Lines that contain the string "time" are the ones to list; copy all of them from the records.
━━ EXCERPTED RECORDS ━━
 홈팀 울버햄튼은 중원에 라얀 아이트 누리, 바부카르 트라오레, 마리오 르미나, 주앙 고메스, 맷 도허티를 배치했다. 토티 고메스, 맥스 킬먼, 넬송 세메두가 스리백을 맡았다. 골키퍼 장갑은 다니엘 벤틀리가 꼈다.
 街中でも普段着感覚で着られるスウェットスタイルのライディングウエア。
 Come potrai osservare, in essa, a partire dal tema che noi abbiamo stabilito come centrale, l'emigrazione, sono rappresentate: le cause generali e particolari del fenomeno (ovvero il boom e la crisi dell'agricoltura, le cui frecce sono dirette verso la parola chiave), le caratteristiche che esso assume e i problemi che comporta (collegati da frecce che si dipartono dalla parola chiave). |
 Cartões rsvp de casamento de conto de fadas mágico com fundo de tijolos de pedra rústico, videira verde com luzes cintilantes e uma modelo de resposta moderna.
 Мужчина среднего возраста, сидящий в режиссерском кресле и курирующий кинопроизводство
━━━
━━ EXCERPTED RECORDS ━━
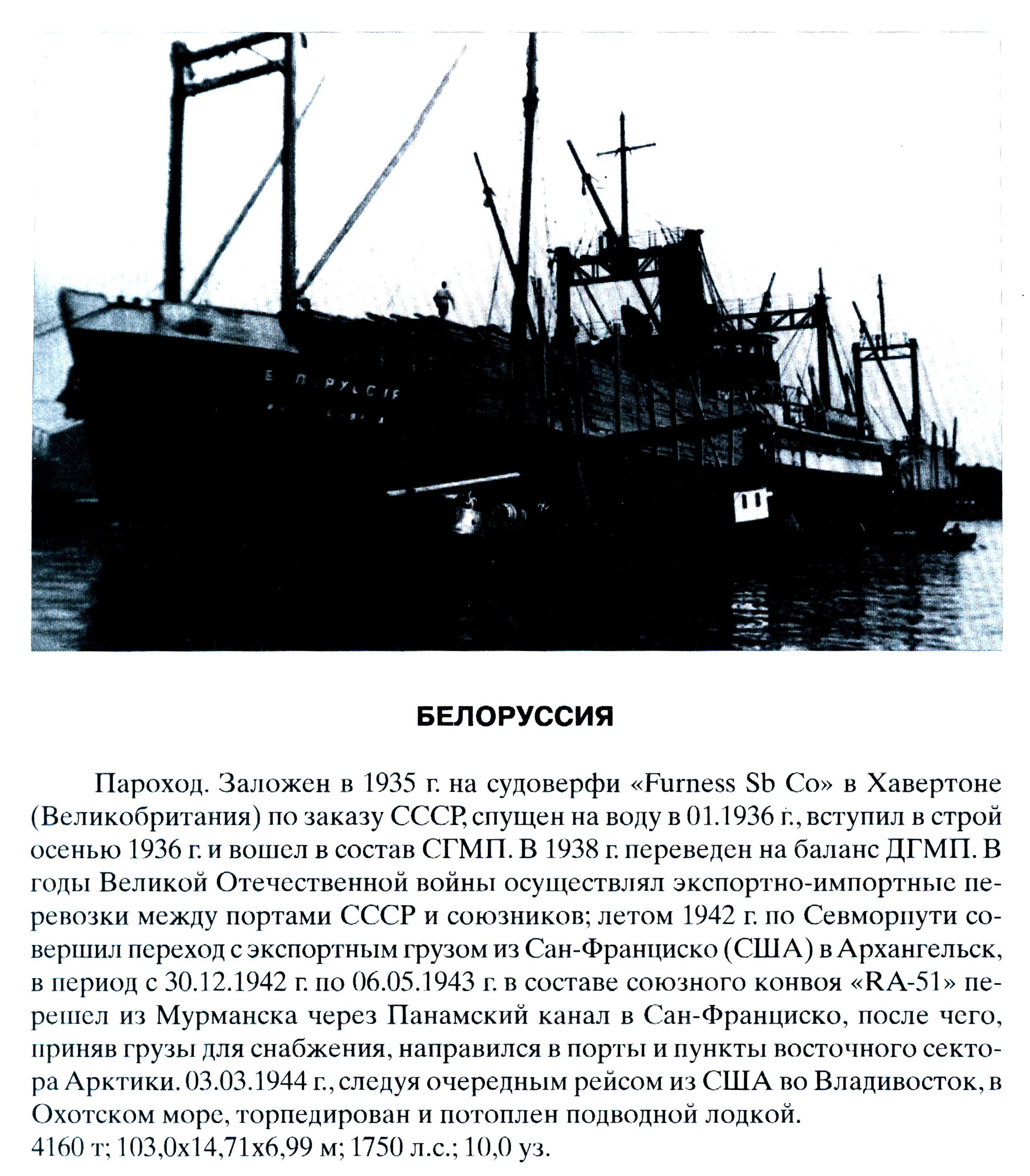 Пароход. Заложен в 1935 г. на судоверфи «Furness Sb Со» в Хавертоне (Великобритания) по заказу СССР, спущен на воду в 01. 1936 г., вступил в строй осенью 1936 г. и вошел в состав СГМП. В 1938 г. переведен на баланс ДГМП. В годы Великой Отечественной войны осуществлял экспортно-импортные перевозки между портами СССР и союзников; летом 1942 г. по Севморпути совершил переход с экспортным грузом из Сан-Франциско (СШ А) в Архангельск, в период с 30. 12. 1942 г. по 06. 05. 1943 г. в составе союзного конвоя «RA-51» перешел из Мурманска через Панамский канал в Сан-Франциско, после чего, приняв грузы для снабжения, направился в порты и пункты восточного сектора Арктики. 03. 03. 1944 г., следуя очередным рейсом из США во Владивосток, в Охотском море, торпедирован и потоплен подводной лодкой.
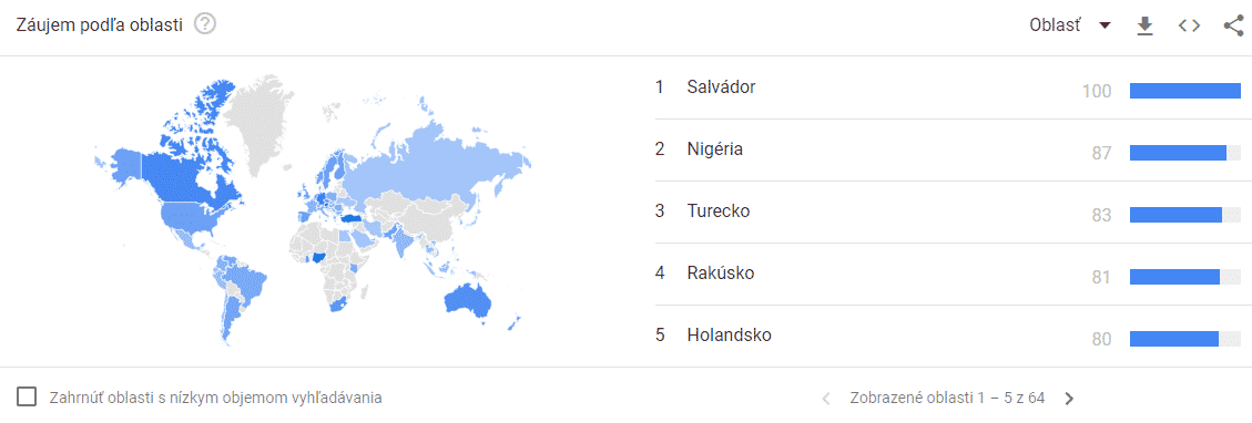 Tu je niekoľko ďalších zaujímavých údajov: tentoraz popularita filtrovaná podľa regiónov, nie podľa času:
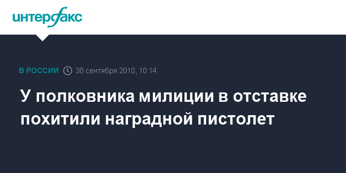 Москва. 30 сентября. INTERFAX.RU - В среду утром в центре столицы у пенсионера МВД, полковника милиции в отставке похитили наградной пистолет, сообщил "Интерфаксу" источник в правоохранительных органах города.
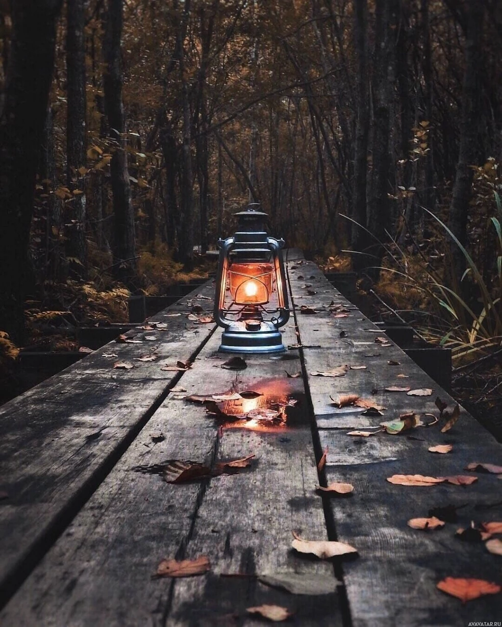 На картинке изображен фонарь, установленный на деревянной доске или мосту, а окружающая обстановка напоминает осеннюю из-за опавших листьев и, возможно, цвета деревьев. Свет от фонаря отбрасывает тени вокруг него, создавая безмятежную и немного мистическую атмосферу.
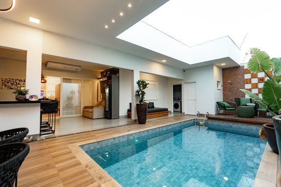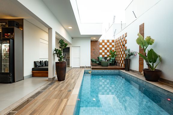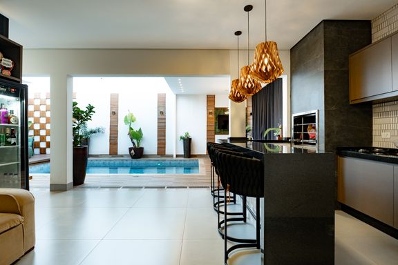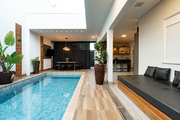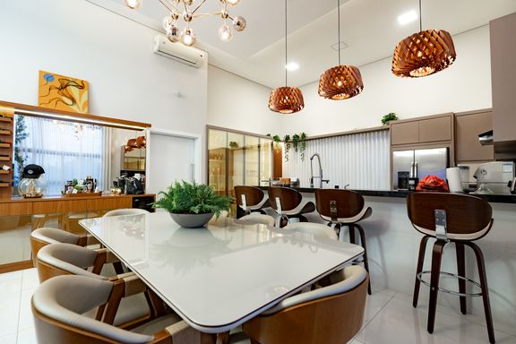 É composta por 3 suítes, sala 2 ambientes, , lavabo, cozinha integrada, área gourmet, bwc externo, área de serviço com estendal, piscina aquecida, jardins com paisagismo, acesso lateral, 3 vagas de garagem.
━━━
━━ EXCERPTED RECORDS ━━
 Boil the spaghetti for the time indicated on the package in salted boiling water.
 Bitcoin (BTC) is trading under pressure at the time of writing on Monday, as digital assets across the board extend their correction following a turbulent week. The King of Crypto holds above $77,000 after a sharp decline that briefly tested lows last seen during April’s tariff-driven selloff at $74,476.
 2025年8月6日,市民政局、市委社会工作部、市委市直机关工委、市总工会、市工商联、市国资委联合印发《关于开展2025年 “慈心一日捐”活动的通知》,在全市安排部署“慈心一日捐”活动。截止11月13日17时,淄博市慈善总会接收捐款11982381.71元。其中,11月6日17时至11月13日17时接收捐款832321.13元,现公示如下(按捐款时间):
━━━
> **WRITTEN SOLUTION**
 Boil the spaghetti for the time indicated on the package in salted boiling water.
 Bitcoin (BTC) is trading under pressure at the time of writing on Monday, as digital assets across the board extend their correction following a turbulent week. The King of Crypto holds above $77,000 after a sharp decline that briefly tested lows last seen during April’s tariff-driven selloff at $74,476.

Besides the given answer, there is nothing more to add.